One of the popular options on this cruise involved the beverage package which allows an unlimited number of alcoholic drinks for $79/day. Since everyone wanted to get their money’s worth, it was normal to see people strolling around with drinks in their hands at 10am. (I didn’t buy the drink package. I limited myself to one or two $10 beers or $12 wines per day.) Between the casino and the alcohol, this is how a cruise ship makes its money.

Willemstad is the capital city of CuraƧao, a Dutch Caribbean island.

For most of the ship’s passengers, the on-board dining, drinking, entertainment, dancing and activities were the primary reasons for cruising. Many folks didn’t bother to get off the ship at the ports of call. Naturally, I spent as much time ashore as possible to stretch my legs, get some air and look around.

Palm Beach, Aruba

I was pleased when we made our third and final port of call in Aruba. If I wasn’t going to see Bonaire, at least I saw as much of Aruba as I could. I gawked at the big, expensive hotels and manicured white beaches which are similar to those on the Cayman Islands.

Our dive boat

I’d heard that the scuba diving is good in Aruba. I did a two-tank dive offered through Royal Caribbean. This was a well-organized excursion.

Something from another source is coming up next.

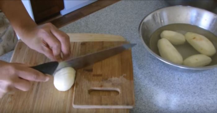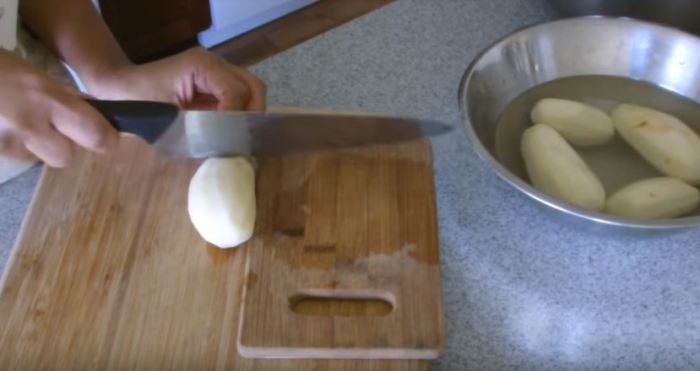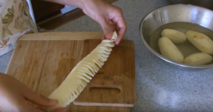 После того, как одна сторона картошки была покрыта надрезами и стала напоминать гармошку, плод переворачивается на 180 градусов вокруг своей оси. Теперь тоже самое делается с другой стороны, только уже под углом до 30 градусов. Это нужно для того, чтобы сделанные надрезы не встретились, и картошка не разломалась на части.

Compared to other dive trips I’ve taken, I felt as though someone was holding my hand the whole time to ensure my safety and to guarantee that I returned to the ship on time. We visited two World War II sunken wrecks. The visibility wasn’t great because of wind and surf. I miss diving in beautiful Kosrae.

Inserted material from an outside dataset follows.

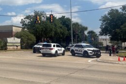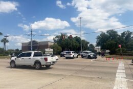 By late afternoon, dozens of police cars still were clustered in the parking lot, multiple helicopters hovered overhead and armed officers in bulletproof vests patrolled the area.

Iguana Joe’s in the Royal Palace Mall

Satisfied that I’d experienced most of what makes Aruba what it is, I ended my day with a relatively cheap beer and meal on shore at a very touristic restaurant, and watched some of the more adventurous cruise ship passengers motor by in ATVs.

The Green family

My favorite people on this cruise were the Green family. We ate and played dominos together. They’re New Englanders, so we might meet again.

This cruise has been fascinating and eye-opening. I’m glad to know from personal experience what a cruise ship is like. Cruising is pleasant, worry-free and luxurious. But to me, the most important elements of travel are meeting unusual people and experiencing other cultures. This doesn’t happen on a cruise ship. I prefer my style of travel. I’ll have to get myself to Bonaire some other time.

Bottom line: Cruising is not my cup of tea — or to put it more contextually — not my martini. David Foster Wallace wrote a wonderfully witty and clever essay about the modern cruise scene. Click here for some insights that he and I share and a few good laughs.


One convenience of the current style of cruising is the freedom from Covid restrictions. To board my ship, I had to produce my vaccination card and proof of a negative antigen test taken within 48 hours. After that, no further travel requirements were enforced for the entire trip, including the shore excursions. So, if you want to see multiple Caribbean islands with a minimum of travel headaches, cruising is a good way to go.

This may be my last blog posting for a while. I’m now in Las Vegas to organize an early summer road trip through some of America’s great national parks. Hopefully, I’ll get to my favorite campsites before the crowds do.